O primo destruiu-lhe os brinquedos que ela com tanta aplicação tanto gosto tanta arte, digamos assim, fez com as mãos.
Matilde chorou e mãe disse Ó Matilde não chores não foi nada...
O primo ri-se da prima estar a chorar e diz Que mal fiz eu, e continua feliz.
A tia, mãe do primo, diz a rir-se para o filho Então tu foste fazer isso, e continua feliz.
A Matilde parou de choramingar, pega na bola de plasticina que o primo fez e nos outros brinquedos, e traz a caixa para a mesa do almoço e mostra à tia, a tia diz Vês Também podes fazer bolas queres fazer uma bola como o primo.
Matilde com cara triste diz que não e vai arrumar a caixa. Quando volta, vai junto da prima e pede-lhe para brincar com ela. A prima diz Vai brincar com o primo.
A pequena Matilde vê com aquela idade que ninguém fez caso da maldade que lhe fizeram e ainda se riram e, depois, vê que ninguém a conforta e a mandam ir brincar com quem lhe fez mal. Quando devia ser o primo a pedir desculpa à Matilde.
E o pior é o primo não ter noção.
Queres brincar com o primo, vai ao primo dar-lhe um abraçinho.
E a Matilde vai.
Não pude olhar para o abracinho. A minha revolta interior impediu-me mas ouvi as vozes dizerem Olha não guarda mal nenhum, como que a dizer não há motivo para a Matilde estar triste. Está tudo bem.

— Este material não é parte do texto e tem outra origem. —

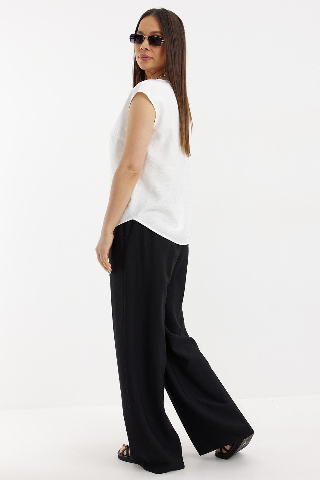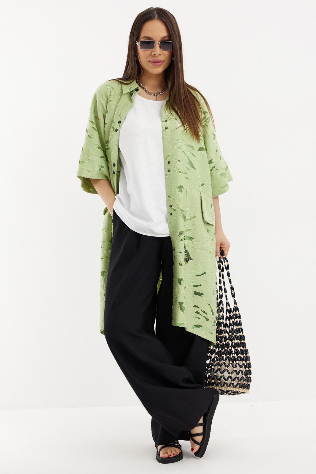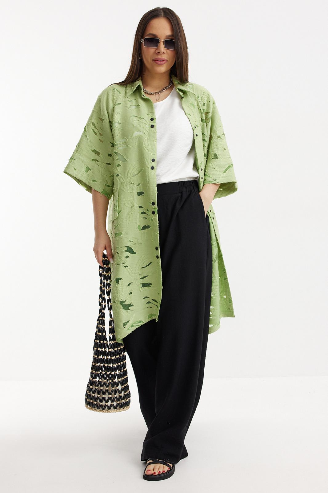 Стильный и элегантный образ из кардигана, топа и брюк. Кардиган свободного рубашечного кроя с центральной застежкой на металлические кнопки. По спинке дополнен кулиской с декоративной тесьмой. Кардиган дополнен удобными карманами. Топ свободного прямого кроя с округлой горловиной и коротким рукавом. Брюки свободного прямого кроя с притачным поясом, дополненным эластичной тесьмой. Длина кардигана от плечевого шва по переду 98 см., по спинке 111 см. Длина рукава 35 см. Длина топа 66 см. Длина брюк по боковому шву 103 см.

E eu que sou o elefante na casa, não posso fazer nada além de observar e escrever.
Miséria! Nesta família a criatividade é morta à nascensa de forma brutal, quer a criança voar e cortam-lhe as asas, riem-se e é ela, a vítima, que tem de fazer as pazes com o agressor and let it go.
Como se fossem os palestinianos que deviam pedir desculpa aos israelitas por simplesmente existirem.
Como se fossem os negros e os ciganos que deviam pedir desculpa aos europeus e portugueses por serem discriminados em qualquer serviço público.
Como se fossem os pescadores venezuelanos e colombianos que tivessem de pedir desculpa ao Trump por levarem com um míssel hellfire em cima e morrerem enquanto estão a pescar.
Não é por causa dos imigrantes, como disse o Passos Coelho, que os portugueses podem sentir-se estrangeiros neste país.
Eu sinto-me estrangeiro nesta casa de portugueses.
Sou como o alien que aterra e em vez de abraçar a família vou abraçar a árvore.
bliss for those who understand
Incrível esta história!...e é assim que das mulheres se fazem vitimas e dos homens agressores. Esse priminho devia ter levado um bom ralhete!
ResponderEliminarÉ a alma deste país: forte com os fracos Fraco com os fortes. E quem discorda faz uma cena, quebra em cacos a aparência e fica na história como o causador do problema.